> [TASK OBJECTIVE]: Extract every entry word for word. Skip the pictures.

[Dataset excerpts]
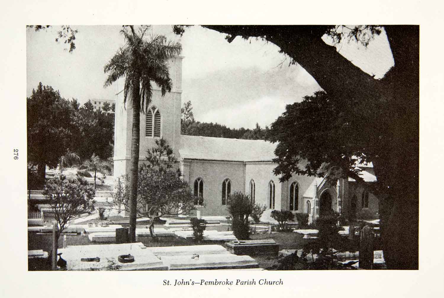 This is an original 1947 black and white halftone print of St. John's Anglican Church in Hamilton, Bermuda. This historic church was originally erected in 1625, making it one of the oldest parish churches on the island.
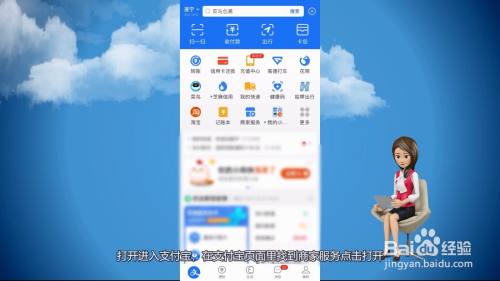 打开进入支付宝,在支付宝页面里找到商家服务点击打开。
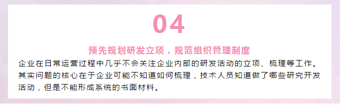 因此,企業(yè)要在前期做好項目規(guī)劃與定位,做好立項評估,注重立項管理,建立制度保障使風險可控;同時還可以借助外力,突破技術難題,以此推動企業(yè)形成科技成果轉(zhuǎn)化,才能使其在評分中拿到高分。
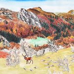 Dessin extrait de mes contes, représentant un cerf dans les monts du Cantal à l'automne. à l'arrière plan, le Roc d'Hozières.
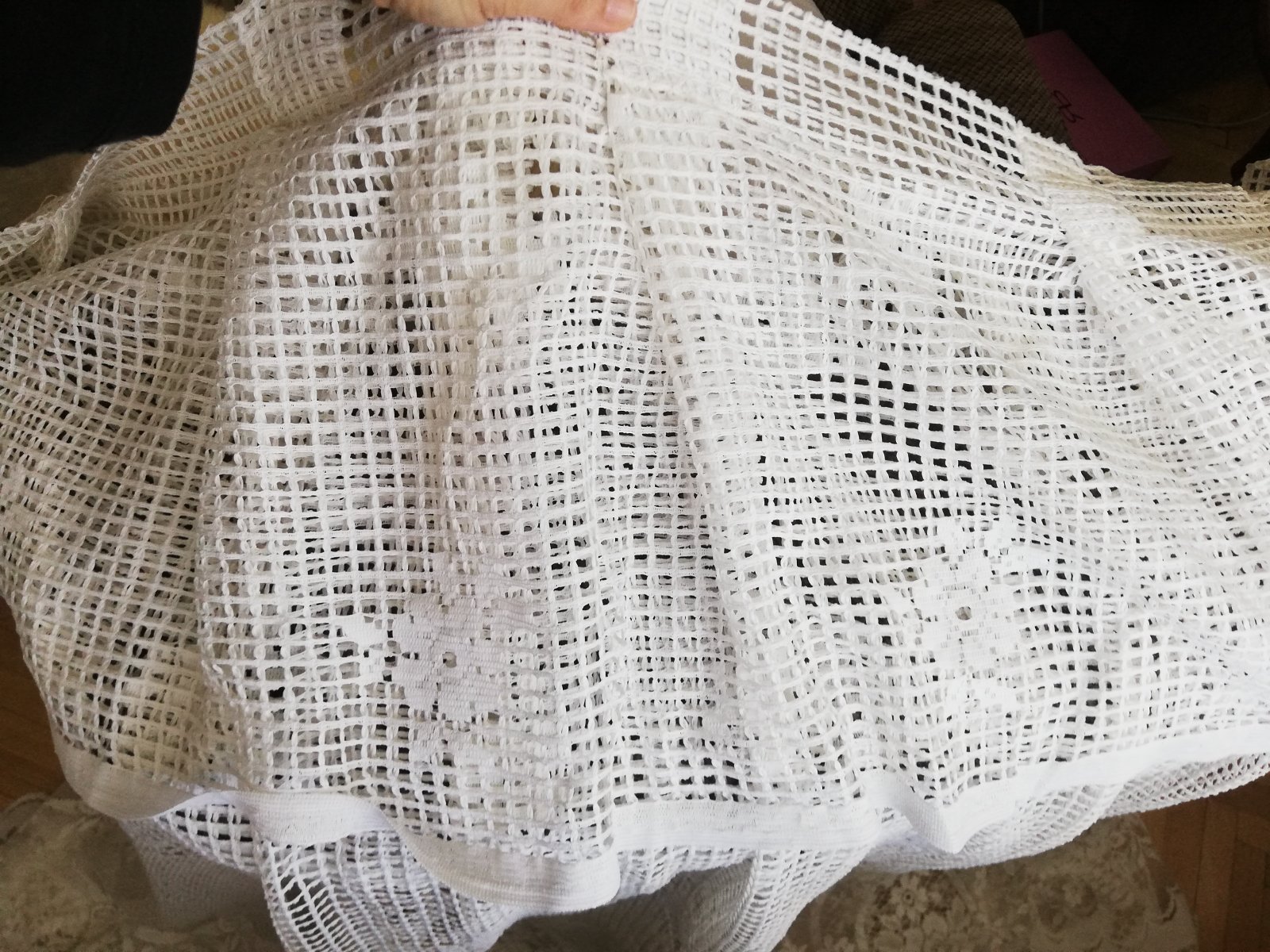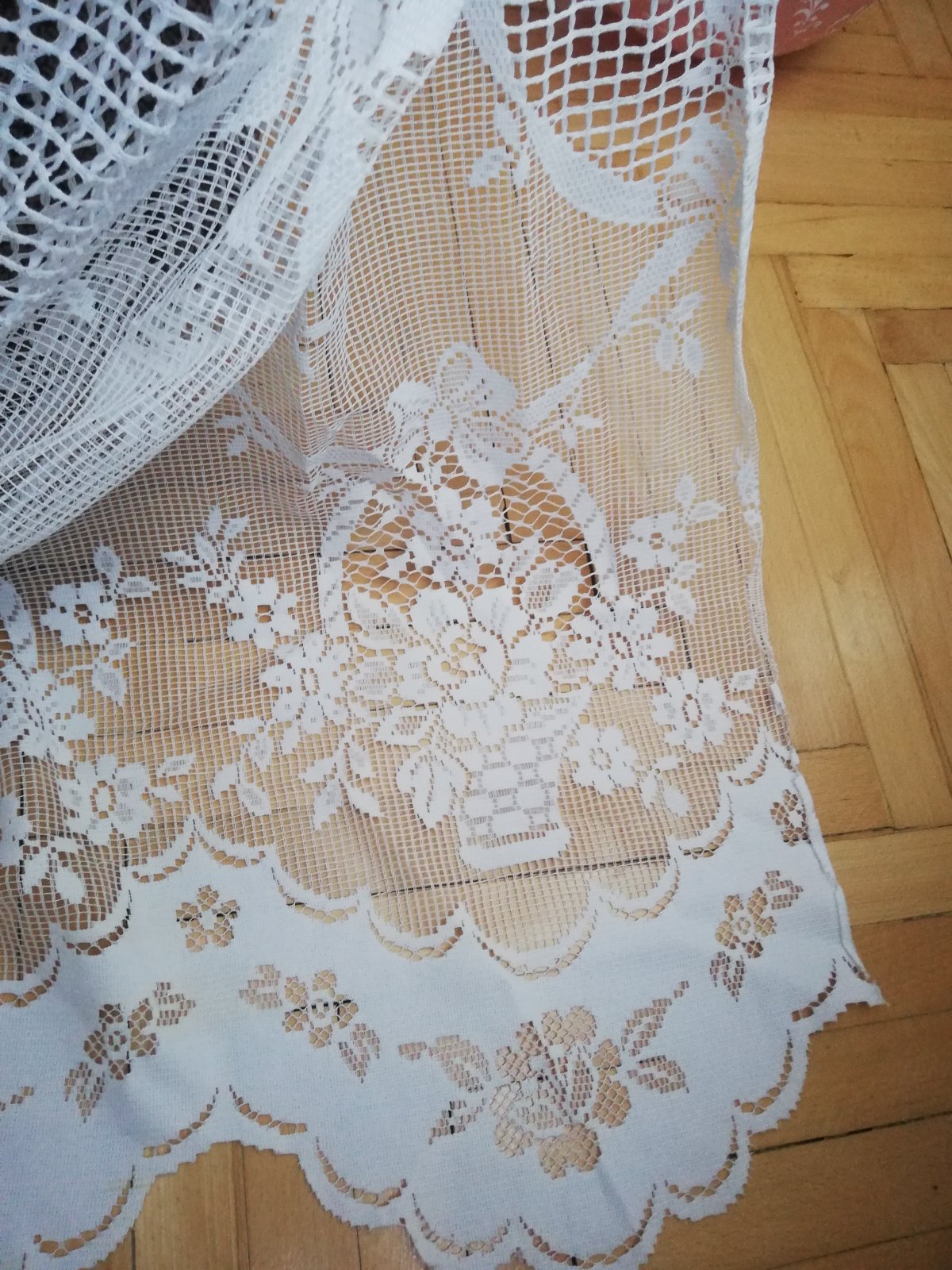 Predam peknu zaclonu s motivom kvetov v kosiku. Je starsia, uz nie ako nova, ale stale pekna. Hore je fodricka. Rozmery: sirka dole cca 3,3m sirka hore pri siti 2,4m, vyska cca 1,4m.

> [ANSWER]:
 This is an original 1947 black and white halftone print of St. John's Anglican Church in Hamilton, Bermuda. This historic church was originally erected in 1625, making it one of the oldest parish churches on the island.
 打开进入支付宝,在支付宝页面里找到商家服务点击打开。
 因此,企業(yè)要在前期做好項目規(guī)劃與定位,做好立項評估,注重立項管理,建立制度保障使風險可控;同時還可以借助外力,突破技術難題,以此推動企業(yè)形成科技成果轉(zhuǎn)化,才能使其在評分中拿到高分。
 Dessin extrait de mes contes, représentant un cerf dans les monts du Cantal à l'automne. à l'arrière plan, le Roc d'Hozières.
 Predam peknu zaclonu s motivom kvetov v kosiku. Je starsia, uz nie ako nova, ale stale pekna. Hore je fodricka. Rozmery: sirka dole cca 3,3m sirka hore pri siti 2,4m, vyska cca 1,4m.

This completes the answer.